Event: Sound Kapital Launch, Three Shadows Gallery 2010.04.18
If you haven’t already heard of Matthew Neiderhauser, do yourself a favor and Google him. If you have, you’ll know that he has done a great service to the Beijing independent music scene by photographing bands and gigs for more than two years now. He’s documented the growth of the scene in action, and is most famous for his band portraits shot against the bright red wall in the back of D-22. He put them into photobook form last year, publishing and releasing in New York. Sunday night was the China release party for his book, Sound Kapital.
Held in the new Beijing art collective Caochangdi, at Three Shadows Gallery, the atmosphere of the event was more like a music festival than a concert. The performances, by some of the city’s most cutting-edge performers, were held outside on the grass in the middle of the gallery’s sprawling plot of land, with patrons standing around in circles of friends with cans of beer stacked atop each other to avoid having to return to the cramped drinks table inside the gallery’s cafe. Matthew’s photos were projected haphazardly against a white sheet that hung behind the stage, and perhaps because we were in the middle of an art gallery, the fact that the performers’ faces were painted with projections seemed deliberate and artistic rather than a sign of rushed setup.
One of the great things about the event, though, is that it is taking place in the middle of Caochangdi’s PhotoSpring week, wherein participating galleries are opening some amazing photographic exhibits (I’d also recommend the Lucien Clergue “Picasso Close Up” exhibit at ArtMia, or the Han Lei or Cai Weidong exhibits at Taikang Space). Three Shadows Gallery currently has three exhibits showing at their gallery — Rimaldas Viksraitis’ “Grimaces of the Weary Village”, the Rencontres d’Arles 2009 Discovery Award Slideshow, and the gallery’s own 2010 TSPA Exhibition. So, after picking up a plastic cup of wine at the gallery cafe, audience members transformed into art appreciators, wandering the concrete halls of the gallery while still able to hear the music from outside. It changed the usually whisper-quiet experience of visual art appreciation into something richer, infused with the experimental lilts of sound art.

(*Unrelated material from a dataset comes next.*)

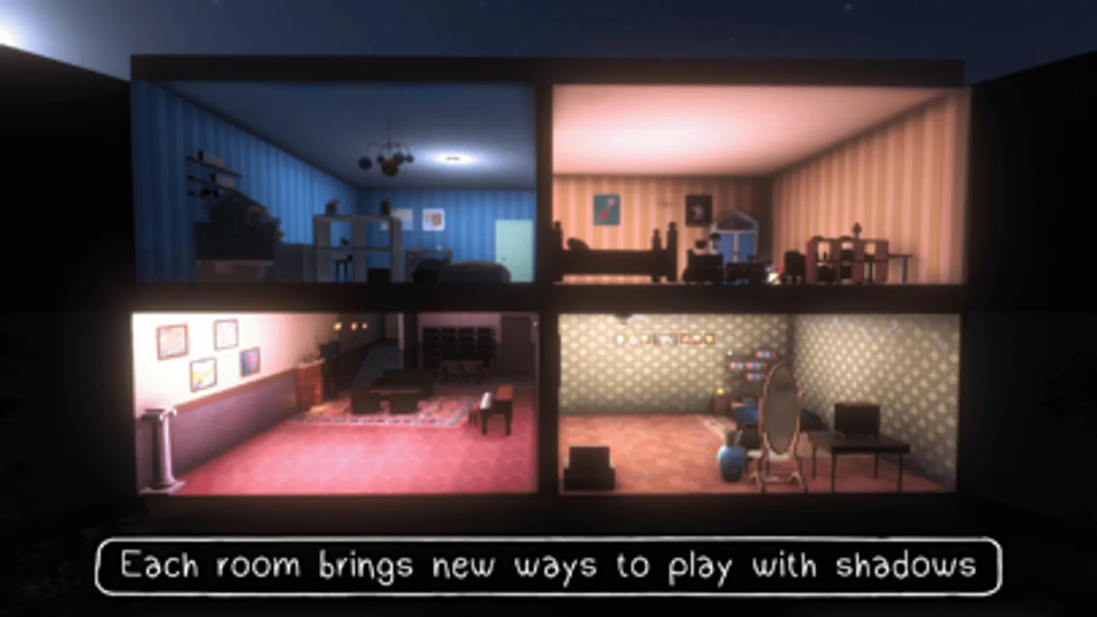 The game tells the story of Bella,a young woman who had a fallout with her family years ago and now finds herself struggling to respond to her father’s text message. Her childhood memories come to life as shadows on the wall of her house, and you must use those shadows to solve unique puzzles and help Bella try to let go of her past.
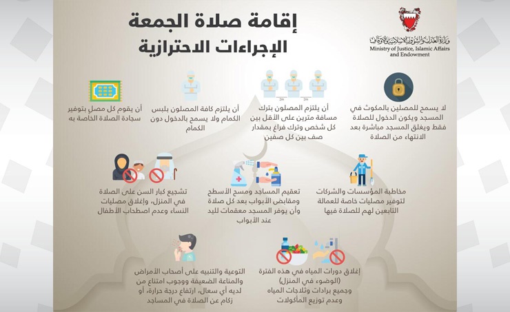 He underlined the royal directives which were issued by His Majesty King Hamad bin Isa Al-Khalifa to resume Friday Prayers, starting June 5, taking into account necessary precautionary measures against the pandemic.

It was also one of those events where you showed up only knowing the person you came with, but eventually found that you knew — or had at least met — half of the crowd. I saw people I’d met when I went to the Andrew Bird concert, and others I’d met at farewell parties or birthday dinners or that random Beijing Duck excursion you get invited to when visitors come to stay. There was every language being spoken, and the crowd was largely the hipster contingent of foreigners you’d see up the back of Yugong Yishan on any given weekend. It was as much a chance for people to catch up and be seen as it was to see some music, buy a book, or see a photo exhibit.
When it comes to the experience that’s most pertinent to this blog, however, I can’t say what I enjoyed the most. I didn’t stay for too long, and as I mentioned music wasn’t the focus of the evening. But I was listening to Shou Wang’s set as I wandered through the gallery, and I have to say that it was the perfect background to the TSPA exhibit, which largely focused on Chinese contemporary life. I also bought Sound Kapital at the event, which I do not regret. I’m not sure where you can pick it up in China, but do try to get your hands on it. It’s an inspiring record of the beginnings of a very promising music scene, and an invaluable memento of any time spent immersed in it.